07 Novembro 2019
"Estamos em uma situação realmente de bloqueio total do país e onde o movimento popular demonstrou uma força, uma continuidade, uma determinação admirável e que não se rendeu frente à propaganda oficial massiva, nem frente à repressão", explica o economista haitiano Camille Chalmers, que é secretário da Plataforma Haitiana pela Defesa de um Desenvolvimento Alternativo.
A entrevista é de María Torrellas, publicada por Resumen Latinoamericano, 05-11-2019. A tradução é de Wagner Fernandes de Azevedo.
No Encontro Anti-Imperialista, em Cuba, nos encontramos com Camille Chalmers, dirigente haitiano, que nos ajudou a compreender a situação que vive o Haiti em uma insurreição permanente desde o mês de junho, exigindo a renúncia do seu presidente corrupto, e que vá para sempre.
Nos últimos dias, como está avançando essa nova frente, essa alternativa política, de esquerda, à situação?
A mobilização se mantém muito forte no Haiti, pode se dizer que está se intensificando. Essas últimas seis semanas tivemos manifestações impressionantes, milhões de pessoas nas ruas. Pela primeira vez essas marchas ganharam também as províncias, porque antes a força era mais concentrada em Porto Príncipe e Cabo Haitiano, porém agora em quase todas as grandes cidades do país houve manifestações amplas, multitudinárias e com a participação de muitíssimos setores. Assim, pode-se dizer, que neste momento temos um governo totalmente isolado politicamente, um governo que não governa, que não tem Primeiro-Ministro legal, não tem governo legal, não tem orçamento, não pode arrecadar impostos.
É um país ingovernável.
Sim, estamos em uma situação realmente de bloqueio total do país e onde o movimento popular demonstrou uma força, uma continuidade, uma determinação admirável e que não se rendeu frente à propaganda oficial massiva, nem frente à repressão. Porque uma das respostas do governo de Moïse é a repressão contra o povo, por exemplo, nestas últimas semanas estamos falando de 51 pessoas mortas por balas. Uma repressão sobretudo direcionada contra os bairros populares, por exemplo, em novembro passado, massacraram, em um só dia, 78 pessoas, em um bairro popular, La Saline. Então, a resposta do governo é repressão e mais repressão.
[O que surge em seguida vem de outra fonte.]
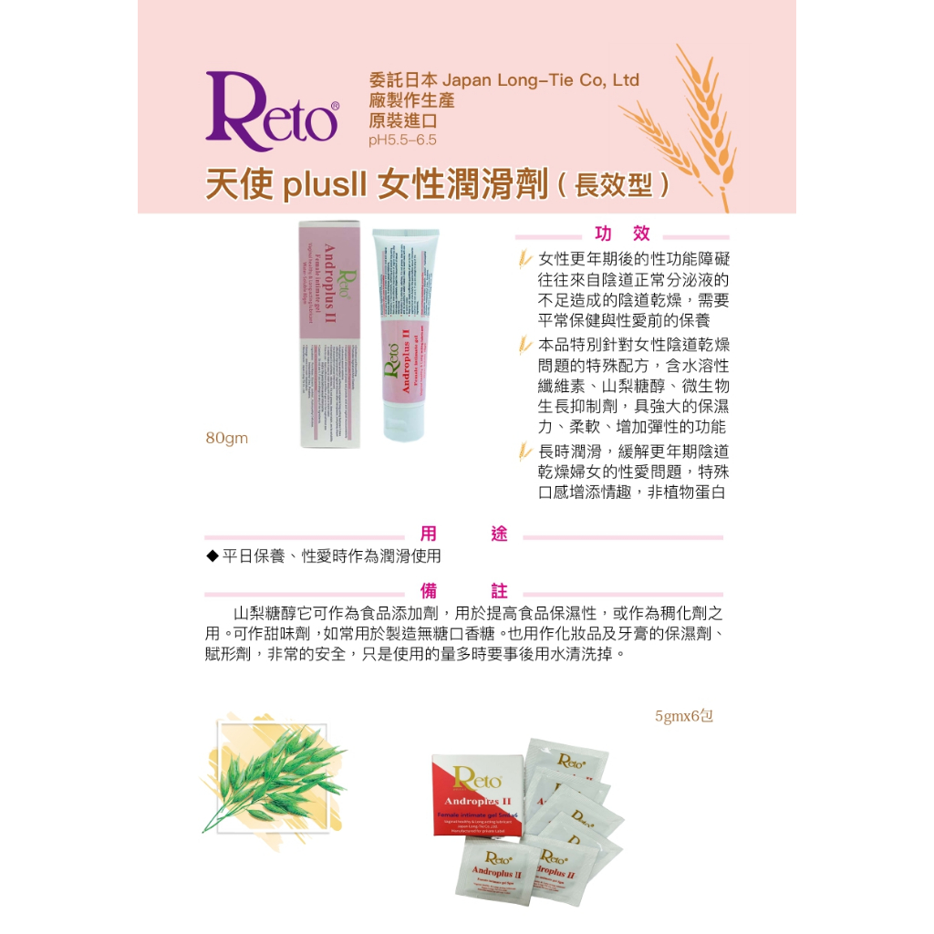 【Reto】天使plus潤滑劑 | 滋潤保濕型 | 80gm | 美身 | 私處保健 | 潤滑液【Reto】天使plus潤滑劑 | 滋潤保濕型 | 80gm | 美身 | 私處保健 | 潤滑液LubricantsReto阿伊媞歐 敏弱肌膚專家

É um governo que tem o apoio de algumas famílias da oligarquia e dos Estados Unidos, o governo Trump quer manter esse governo que já não tem nenhum sentido, nem sequer para os setores dominantes, porque a economia já está toda paralisada, o que explica que alguns setores, como o empresariado, tenham se juntado ao movimento. Porém, Trump quer mantê-lo porque, antes de tudo, há uma aliança ideológica, é um governo de extrema direita, que está posto ali para frear o movimento popular e seu projeto de mudança do Estado, como se diz no Haiti.
Trump está recompensando Jovenel Moïse por sua traição a Maduro. Haiti votou três vezes contra o governo de Maduro e o escândalo de votar o TIAR, que abre a possibilidade de uma intervenção militar na Venezuela. Isso é uma coisa que somou mais raiva e indignação à população, que não aceita isso, nem do ponto de vista moral, nem do político, pois é uma traição totalmente inaceitável.
Me chamava muito a atenção como além da esfera política, que nunca se vê, senadores e senadoras, que cada vez que quiseram colocar outra autoridade ou passar o poder a um próximo, o povo e os senadores e senadoras destruíram a Câmara. Isso é uma coisa inédita.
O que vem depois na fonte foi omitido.